Baru saja Heejin selesai memasukkan semua barangnya ke dalam tas, kepalanya kini harus sedikit menengadah ketika namanya dipanggil oleh seseorang. Mau tak mau Heejin bangkit dan berjalan menghampiri orang itu.
Dia baru selesai latihan sekarang. Akibatnya baju yang dia kenakan harus sedikit basah akibat keringat. Dari yang dia tangkap dari percakapan singkat tadi adalah dia dipilih ekskulnya untuk ikut perlombaan bulan depan.
Tidak buruk sih, lagi pula dia senang bisa ikut perlombaan. Tapi dia yakin hari harinya akan diisi dengan latihan dan latihan.
"Heejin!" Lagi, namanya dipanggil. Kepalanya mulai menoleh kesana kemari untuk mencari sumber suara. Apa abang abang ojek yang dia pesan sudah sampai?
"Hee!" Akhirnya pandangannya berhenti tepat menatap lurus sebuah motor—dengan si pemilik– yang berada di seberang jalan. Dia tidak tahu siapa orang dibalik helm full face itu.
Vespa GTS 300 pun berhenti di depannya dengan orang yang meneriaki namanya tadi. Heejin sibuk memandangi orang di depannya. Naik vespa dengan helm full face, sepatu sneakers, kemeja sekolah yang sedikit keluar dari hoodie yang dipakai, ditambah dengan tas punggung yang ditaruh diantara kedua kakinya.
Ketika helm itu dibuka munculah cengiran dari orang itu, yang tidak lain adalah Jaemin. "Kenapa liatin gue? Ganteng yaa? Iyalah, pabriknya Daddy Siwon gituloh," Ucap Jaemin diikuti dengan tawaan renyahnya. Heejin hanya diam tanpa mengalihkan pandangannya dari tempat semula.
Merasa terintimidasi, Jaemin langsung diam dan menutup mulutnya rapat rapat. "Ngapain manggil?" Tanya Heejin to the point.
"Mau nanya aja, baru pulang?"
"Iya,"
"Latihan dance?"
"Iya,"
"Capek?"
"Iya,"
"Gue anter mau kan?"
"I-Apa?" Otak Heejin terhenti sementara. Apa tadi katanya? Jaemin mau mengangtarnya pu-
"Tapi boong, WKWKWK," sabarkan Heejin, jangan sampai tangannya yang suci harus memukul orang yang kini sedang tertawa di depannya. Jangan sampai dia mengumpat dan mengeluarkan kata kata keramat Xiyeon, jangan sampai.

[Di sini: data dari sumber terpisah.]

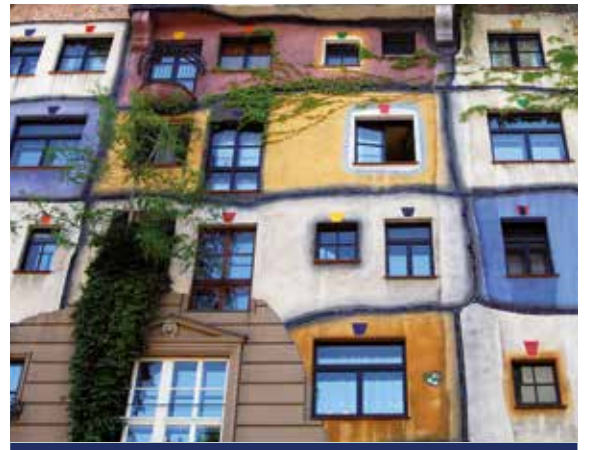
Das Hundertwasserhaus in Wien
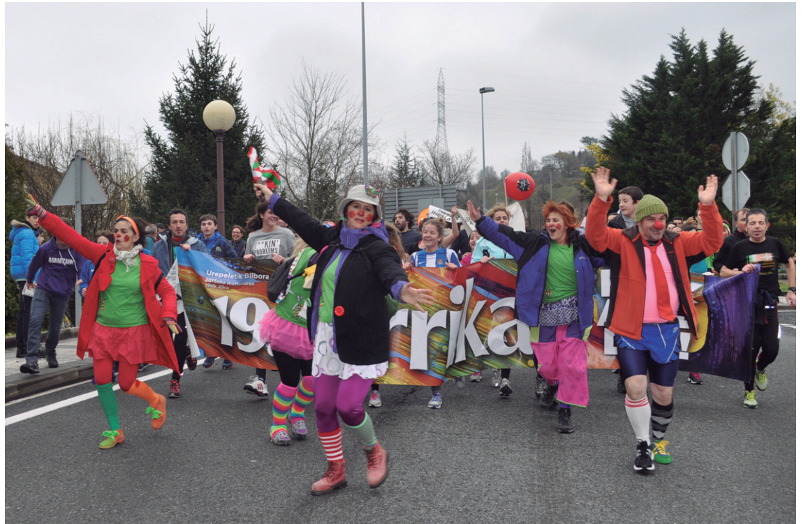
Kukuka antzerki eta dantza eskolako ikasleek kolorea jarri zioten euskararen aldeko lasterketari.

"Bangsat," baiklah, Heejin tidak bisa menahannya. Kini dia tersenyum dengan sangat manis, tapi di mata Jaemin itu adalah senyuman yang menyeramkan. Posisinya terancam sekarang. Tanpa aba aba, dia melajukan motornya untuk pergi dan menjauh dari Heejin.

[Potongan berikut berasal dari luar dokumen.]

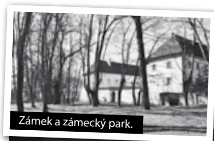
Zámek a zámecký park.

A hlavně – podíváte se do sklepů zámku. Kdo už měl možnost tam nahlédnout, mluví o nich s nadšením. V části sklepů vznikl
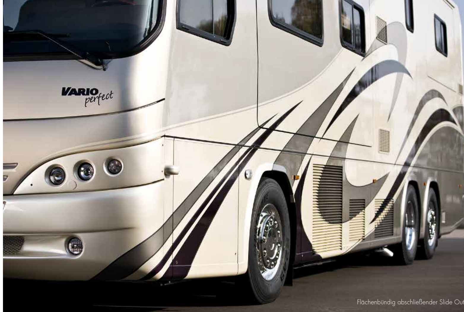
Flächenbündig abschließender Slide Out
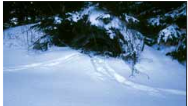
Abb. 22: Das Absetzen von Harnmarken ist auch aus dem Fährtenverlauf leicht ersichtlich. Während der Ranz wird oft alle hundert Meter markiert.

Melihat tingkah ketua kelasnya itu membuat Heejin semakin naik darah. Dia pun mulai menenangkan kembali pikiran dan hatinya sekarang. Diakhiri dengan gerutuan yang keluar dari mulutnya.

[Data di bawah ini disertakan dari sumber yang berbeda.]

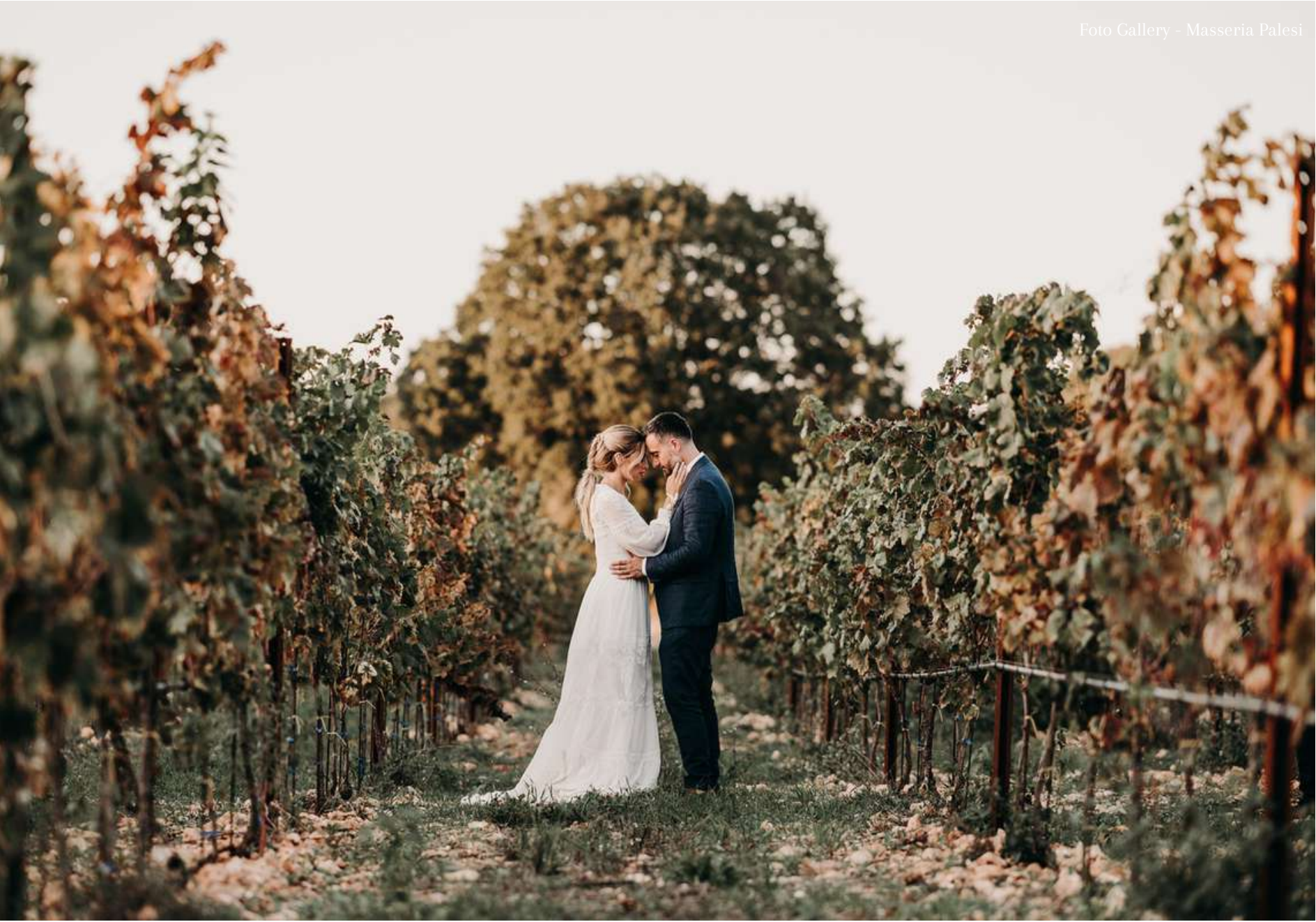
Foto Gallery - Masseria Palesi

Hari sudah semakin gelap, pesanannya sudah di cancel 2 kali oleh ojek online yang berbeda. Dia benar benar ingin pulang sekarang. Dia sangat merindukan kasur empuk miliknya.
"Ayo deh gue anter beneran," ucap Jaemin yang kembali lagi ke hadapan Heejin. Jadi selama dia menunggu Jaemin masih ada disekitar sini? Yang benar saja. Apa anak itu tidak punya kerjaan?
"Nggak," ketus Heejin. Dia masih kesal dengan kejadian tadi. "Beneran ini, mau ga?" Kembali Jaemin bertanya untuk memastikan dia tidak salah dengar dan jawaban Heejin pun tetap sama, "nggak Jaemin."
"Yakin nih ya? Awas lo nanti gue mau jalan lo minta ikut,"
"Iya, udah sana," jengah Heejin mendengar ucapan Jaemin. Kembali dia mengutak atik handphonenya untuk membuka aplikasi ojek online dan mulai memesan.
"Dih, dah naik cepetan," Jaemin masih belum menyerah rupanya.
Heejin menatap Jaemin tajam. Sungguh, dia tidak suka dipermainkan seperti ini. Dengan kesal dia membatalkan pesanannya dan berjalan mendekat kearah Jaemin. Jaemin yang melihatnya tersenyum puas.